As Cascadia Corporation forges ahead on a new 5,000-acre ‘city’ in Pierce County, the project gains fans and foes alike

Published: March 3rd, 2010 06:01 AM

On an unusually sunny late-February afternoon, a group of kindergartners were running around at recess, many wearing paper crowns to commemorate their 100th day of school.

Their giggles and screams were a stark contrast to their serene surroundings, acres and acres of empty home lots surrounded by 360 degrees of sky-scraping evergreen trees and a snow-capped Mount Rainier on the horizon, a mountain that was so close that it seemed to be suspended mid-air.

These children would normally be attending Victor Falls Elementary, just four miles down the road from where they are now attending Elementary Nine, Sumner School District’s newest school. They are housed here for the year as Victor Falls is remodeled and modernized. Most districts don’t have the luxury of relocating their students while a school is remodeled — usually the work has to be done around the students. But because of the delay of homes being built in Cascadia, a massive, 4,800-acre construction development on the outskirts of Bonney Lake that, when completed, will house 10,000 homes, several parks, a shopping complex, golf course and resort hotel, a winery and Elementary Nine, the district, which built the school specifically for Cascadia, can utilize the space.

“We certainly built (Elementary Nine) with the idea that Cascadia would be building homes and families would need a school nearby,” district Assistant Superintendent Craig Spencer said, adding that the cost of the school was part of a 1997 bond package. “But (since the development is delayed), we’re thrilled to be able to use it during construction.”

Although the delay is beneficial for the district, it’s potentially frustrating for Cascadia officials. The development, which is the largest planned “city” in the history of Washington, is the brainchild of Taiwanese immigrant Patrick Kuo, a self-described dreamer who often quotes poets Robert Frost and John Keats and architect Frank Lloyd Wright when explaining his Cascadia philosophy.

“(I) looked at the beautiful Cascade Mountain range and the beauty of the region,” Kuo said of his first impression of the area when he moved to Seattle from Taiwan to study law at the University of Washington more than two decades ago.

After graduating and practicing law for a few years, Kuo decided to put his heart and soul into a new development project, Cascadia.

“I wanted to look for a place that we could build an ideal community for this region, to incorporate art and science together ...to really exemplify what the Puget Sound region living experience can be,” he said. “Robert Frost wrote about taking the road less traveled ... that’s what I wanted to do.”

Cascadia Chief Operating Officer John Ladenburg, who is a former Pierce County Executive, takes a more logistical view on the self-sustaining community.

“Think of Cascadia as a big spaceship,” Ladenburg said. “Everything has to stay in, everything has to be recycled.”

The development, which Ladenburg refers to as “a city,” includes several man-made lakes, ponds and rivers on the property, which will collect rainwater and reuse it.

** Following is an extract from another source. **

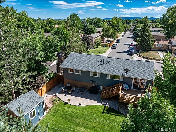 This charming home exudes a true sense of homeowner pride, showcasing an updated banister and stylish new vinyl flooring throughout. The main living area is bathed in natural light, thanks to a south-facing front window, creating a warm & inviting ambiance. The spacious dining room is perfect for hosting gatherings, easily accommodating for all your family/friends. The sliding glass door offers seamless access to a stunning deck, overlooking a beautifully landscaped, park-like backyard. The expansive patio provides a private, shaded retreat to relish the beauty of the Colorado outdoors. The kitchen is inviting with plenty of space to move, space for breakfast table, large window that frames the serene view of the lush, mature landscaping. Enjoy the privacy provided by the trees over the walking trail, which conveniently leads you straight to Lilley Gulch Rec or eastward to Clement Park. The primary bedroom is a tranquil haven, featuring a 3/4 bath for convenience. The two bedrooms share access to the main bath, complete w/double sinks & extended tub/shower. The lower level is a cool, comfortable space perfect for a family rm, office, or play area, and includes a half-bath, laundry area and direct access to the garage w/newer doors, pegboard, workbench, and cabinets, is a handyman's dream, the driveway offers add'l parking. For extra storage or creative space, the backyard boasts 2 sheds. One for functional storage, while the other, offers the potential to be transformed into a delightful play area or versatile workspace. The home is topped off with an impact-resistant roof and recently replaced gutters, ensuring peace of mind for years to come. Fresh interior paint, updated baseboards lend the home a modern, updated feel. Ideally located on the southwest side of Littleton, this home offers easy access to a wealth of amenities, including shopping, restaurants. It's move-in ready and eagerly awaiting its new owner to step in and start enjoying all it has to offer.

The planned golf course will also use reclaimed water as well as non-artificial fertilizer and sand and gravel from the development’s own mines, located at the north end of the premises.

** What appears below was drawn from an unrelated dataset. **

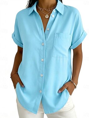 Mulheres Camisa Social Blusa Bolsos Botões Côr Sólida Tecido Vintage à moda Manga Curta Colarinho de Camisa Tops longos Diário Feriado Para Noite Preto Branco Rosa Laranja Cinzento Verão Primavera

“Cascadia is designed to recycle all the water on-site,” Ladenburg explained.

Kuo has permanently set aside one-fourth of the nearly 5,000 acres for open space, including parks and 15 miles of walking trails, some paved and some unpaved. He has saved some of the best views of the mountains and sweeping valley not for the most expensive homes, but for the community parks. He feels strongly about making this not his project, but a community project.

“As people move in ... it’s going to define the character of the community going forward,” Kuo said.

Kuo is also a big advocate of letting the area’s natural wildlife, such as deer and elk, which Victor Falls teachers say they can see driving to and from Elementary Nine, remain on the property. Residents, Ladenburg said, will be taught how to live with such animals, in classes taught at the development’s discovery and educational center.

“We’ll have classes to teach people how to live with the animals, how to live a green lifestyle,” Ladenburg explained. “People are going to live with nature in a real sense in Cascadia and we’re going to work with people to teach them how to.”

It was that eco-friendly mindset that attracted Ladenburg to the project about a year ago.

“I did a lot of environmental work when I was the executive and I became aware of this project,” he explained. “I was fascinated. (Kuo) has that wonderful Asian philosophy that you do things right.”

Uninterested in building just a housing complex, Kuo is striving to make sure there are jobs available on-site. Besides the dozens of retail stores, like a possible Trader Joe’s, that Ladenburg said will be housed on the property, the completed Cascadia will have a commercial center. Ladenburg said project officials are in talks with an eco-friendly water bottle company that is interested in opening a plant on the premises.

“There will be 10,000 homes but there will be 10,000 jobs as well,” Ladenburg said.

Kuo is also adamant about having homes in all different price ranges. The homes nearer to the elementary school are in the $250,000 to $300,000 range while homes in other areas can be up to half a million dollars.

The first phase of three phases of the expansive project, which includes 3,200 homes, the discovery center, stores and much of the parks and trails, will cost $1 billion and take about seven more years until construction is complete, Ladenburg predicted. The project was originally on track to be finished by 2015, but a lagging real estate market is slowing the process down, he added.

The massive project is completely funded by Kuo and his investors, many from his home country. It was originally set to have a couple hundred model homes by last month, which is why the school district completed Elementary Nine last year. However, when the economy tanked, Ladenburg said three builders walked away from contracts totaling $50 million. Now, Ladenburg expects to have model homes in by this summer and, if they are sold, residents could move in by the end of the year.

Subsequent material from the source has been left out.